Tracing should be possible from the plantation to the supplier. The companies also want to see whether human rights are respected in the manufacture of their products. The Society for International Cooperation (GIZ) is to coordinate the working group. Supermarket chains are repeatedly criticized for low food prices.

Consumer pressure

According to Minister Müller, seven large German supermarket chains are now committed to living wages in their supply chains: "It is good that there is movement in the food trade." This also shows that consumer pressure is working. More and more consumers wanted to know how their food is produced. "The seven pioneering companies recognize for the first time that low incomes are a major challenge and living wages are urgent than ever," said Müller.

Farmers in developing countries have to receive significantly more of the added value, said the CSU politician. Living income should become the standard: "The goal is clear: 100 percent fair supermarket." The trade must now go beyond this commitment and implement further steps towards fair supply chains.

Cornerstones for a supply chain law come

The development minister and federal labor minister Hubertus Heil (SPD) want to present key points for a supply chain law to respect human rights in the next four weeks. That announced Müller this week. The law should apply to all German companies with at least 500 employees. However, this size threshold should still be discussed as well as the level of sanctions for violations. Sanctions should definitely be enshrined in such a law, said Müller. Company voluntariness alone does not lead to the goal.

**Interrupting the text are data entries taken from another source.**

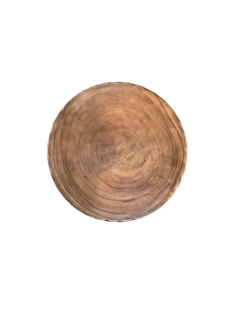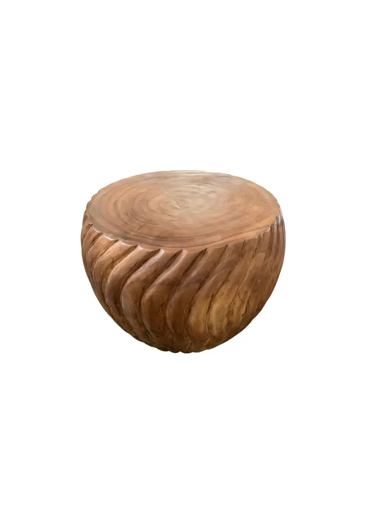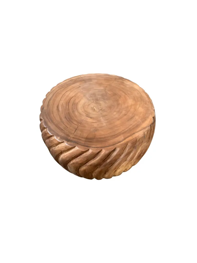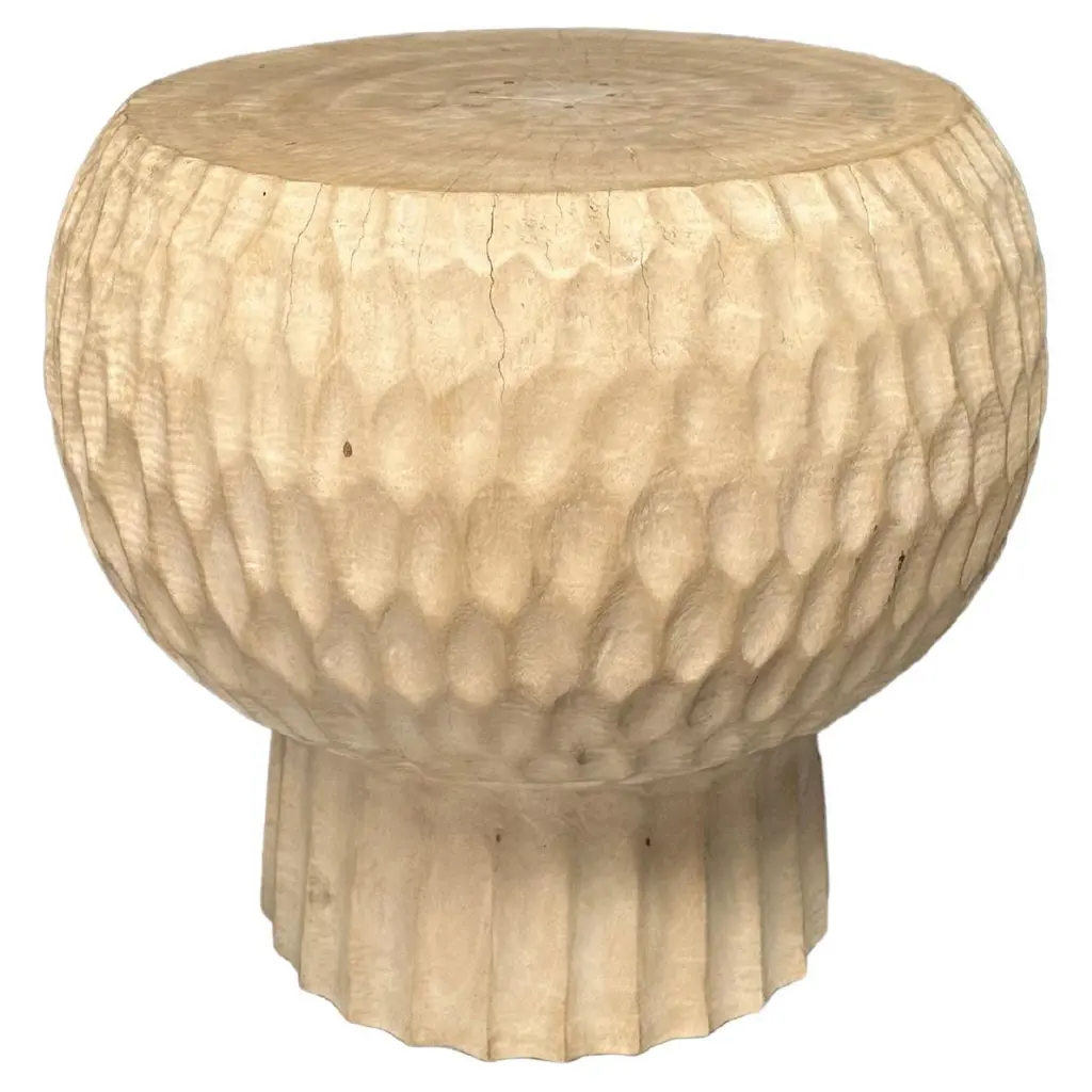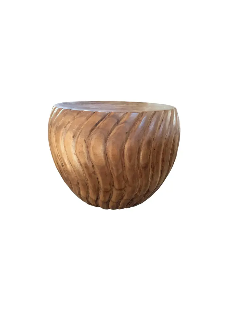 A wonderfully sculptural round side table with a hand-carved, ribbed design on its exterior. Its neutral pigment and subtle wood texture makes it perfect for any space. A uniquely sculptural and versatile piece certain to invoke conversation. This table was crafted from a solid block of mango wood and has a smooth texture.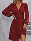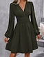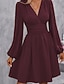 Dames Mini-jurk Casual jurk Jurk met ruches Modern Dagelijks Uitgaan Weekend Normale pasvorm Effen Lange mouw V-hals Zwart Wijn Leger Groen Marineblauw Lente Herfst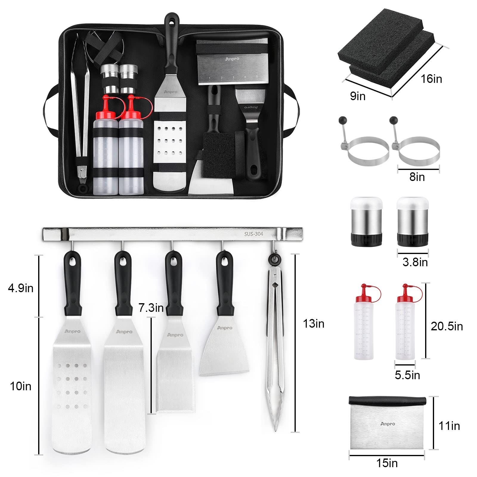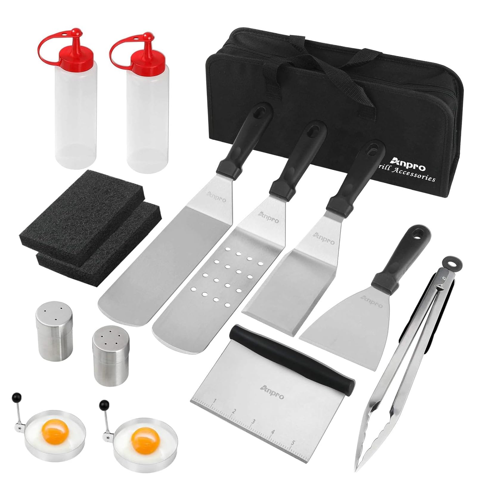 Anpro Griddle Accessories,15 Pcs Anti-Scalding Long Handle Flat Top Griddle Accessories Set for Blackstone,Stainless Steel BBQ Accessories w/Spatula, Basting Cover,Tongs,Egg Mold & Carry Bag

Around the Green Week agricultural fair, German farmers are also demanding better working conditions and fair prices for their products. For this Friday the alliance "Land creates connection" has announced demonstrations with tractors in Berlin and other German cities such as Stuttgart, Nuremberg and Hanover. Traffic disabilities are expected.

Greens boss Robert Habeck expressed understanding for the anger of the farmers. They suffered from the agricultural system. "The EU funding policy and the export orientation of the economy rely on the fact that they produce more and more at ever lower prices," said Habeck to the "Redaction network Germany". Every regulation reduces farmers' income. "Farmers are being crushed. But the answer, less climate protection or animal welfare, would be wrong." Habeck warned a matter-of-fact tone: "However, you cannot get ahead with moral arrogance towards the farmers."